T.C çeşitli gerici sınıfların koalisyonuna dayalı birden fazla rejimle bugüne kadar varlığını korumayı başarırken, varlığının dayandığı kilit noktalar vardır. Bu gerici sınıflar dönem dönem kendi içlerinde çatışmalara gebe ortamların ağırlığı altında ezilip halkçı, demokrat, sosyalist kesimlerin ve çeşitli toplumsal dinamiklerin (Kürtler, kadınlar, emekçiler, vb bilumum ezilenler) katline, onların üzerindeki baskıyı artırarak içerisinde bulunduğu çatışmalı krizli durumun üstesinden gelmeye çalışır. Hrant Dink katliamı, Roboski, 10 Ekim Ankara ve devamı bir dizi katliam ve bundan önceki katliamların süreçleri incelendiğinde bu çeşitli gerici sınıfların çatışmasına ve ittifakına dayanan rejimin özcesi devletin içerisindeki parçalı, bol klikli durum ezilenlere karşı çeşitli metotlar geliştirerek devletin devamlılığını garanti altına almaya çalışmaktadırlar. ‘Beraber pişir tek başına ye’ devletin kliklerinin adeta ana mottosu olmuştur diyebiliriz. Ezilenlere karşı belirli konseptler geliştirerek hem ezilenlere darbe vurmak isterken kendi içsel ilişkisel düzlemlerini de yeniden biçimlendirirler diyebiliriz. 10 Ekim Ankara, Hrant Dink, 15 Temmuz, Sivas Madımak katliamları ve katliamlara, darbelere giden süreçler incelendiğinde ne demek istediğimiz daha net anlaşılacaktır. 

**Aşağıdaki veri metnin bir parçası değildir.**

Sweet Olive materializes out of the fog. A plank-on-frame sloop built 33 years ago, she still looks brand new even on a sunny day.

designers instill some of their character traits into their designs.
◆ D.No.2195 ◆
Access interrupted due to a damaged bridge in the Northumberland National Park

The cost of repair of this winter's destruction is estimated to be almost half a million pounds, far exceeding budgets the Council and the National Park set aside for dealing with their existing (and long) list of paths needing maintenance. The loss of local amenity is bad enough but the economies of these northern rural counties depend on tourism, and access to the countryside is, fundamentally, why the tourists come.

Bu anlamda 12 Eylül sonrası süreç incelendiğinde çeşitli devrimci hareketlerin gelişimi ve dinamiğinin ne olduğunun test edildiği ve birbirilerine karşı toplum mühendisliği yaparak toplumu nasıl şekillendireceklerinin kavgasını verdikleri bir katliam süreci yaşanmıştır Sivas Madımakta. Aydınlık gazetesinin Aziz Nesinin  çok uzun zamandır yayınlamaya çalıştığı Salman Rushdie’ye ait kitabı katliama giden süreçten 1 ay önce basması yine çeşitli İslamcı kliklerin İhlas ajansı gibi haber servislerinin Aziz Nesine karşı linç sürecini örgütlemesi gerçeği ortaya yerde durmaktadır. Katliam günü Aziz Nesinin aradığı  DYP/SHP koalisyonunun başbakan yardımcısı Erdal İnönü’nün endişelenmeyin tavrı ve devamında katliam anında Refah partililerin rolü ve sonrasında cumhurbaşkanı Demirel’in başbakan Tansu Çiller’in katilleri adeta kutlaması bütün meseleyi açıklamaktadır. 

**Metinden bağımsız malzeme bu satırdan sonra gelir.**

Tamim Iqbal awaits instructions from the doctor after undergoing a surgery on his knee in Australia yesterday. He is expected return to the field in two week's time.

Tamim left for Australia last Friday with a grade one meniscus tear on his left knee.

Daha sonrasında Gazi’de, Ümraniye’de yaşanan katliam faili meçhuller ve 28 Şubat’a giden süreç Sivas katliamı ile başlamıştır. Bu süreç gerici sınıfların oluşturduğu devlet hamisi rejimlerin hem ezilenlere saldırırken kendi aralarında oluşturdukları konsensüsün ne kadar kırılgan ve çatışmaya açık olduğunu göstermektedir. 

Yazımızın  başında belirttiğimiz gibi Anadolu’da, Kürdistan’da, Balkanlar’da ezilenlerin, sınıflı toplumun hamisi eşitsizliğin ve suçun garantörü  devlet tarafından nasıl katledildiğini ve buna karşılık yüzlerce yıllık direniş geleneğinin ne derece şanlı olduğunu anlatmıştır. 

Biz Baba İshak’ların Bedreddinlerin, Celalilerin, Kalender Çelebilerin ordular kuran ordular bozan geleneğinin de devamcılarıyız. Devrimcinin azabının, ezilenlerin günlük yaşamda çektiği azaplardan binlerce yıllık uğradıkları baskı ve zulümden pek farkının olmadığını, devrimcinin o azabı oluşturan şartların ve koşulların bilincinde olarak ezilenlerle beraber o şart ve koşulları ortadan kaldırmaya çalışan olduğunun bilincinde olanlarız. 

Halkımız, çeşitli milliyetlerden ezilen proleterler, baskıya, zulme uğrayan çeşitli kimliklerden ezilenler;  bugüne kadar yaşanan katliamların hesabını sormanın yolunu açacak tek şeyin, tıpkı Bedreddini’lerden sonra Baba İshak’ların katledilmesinin hesabını sormak için harekete geçen Celali’lerin hesap sorma bilinci ve ezilenin azabının devrimcinin azabından pek farkının olmadığı bilinciyle hareket eden devrimcilerin hesap sorma bilinciyle olduğunu tekrar yineliyoruz. 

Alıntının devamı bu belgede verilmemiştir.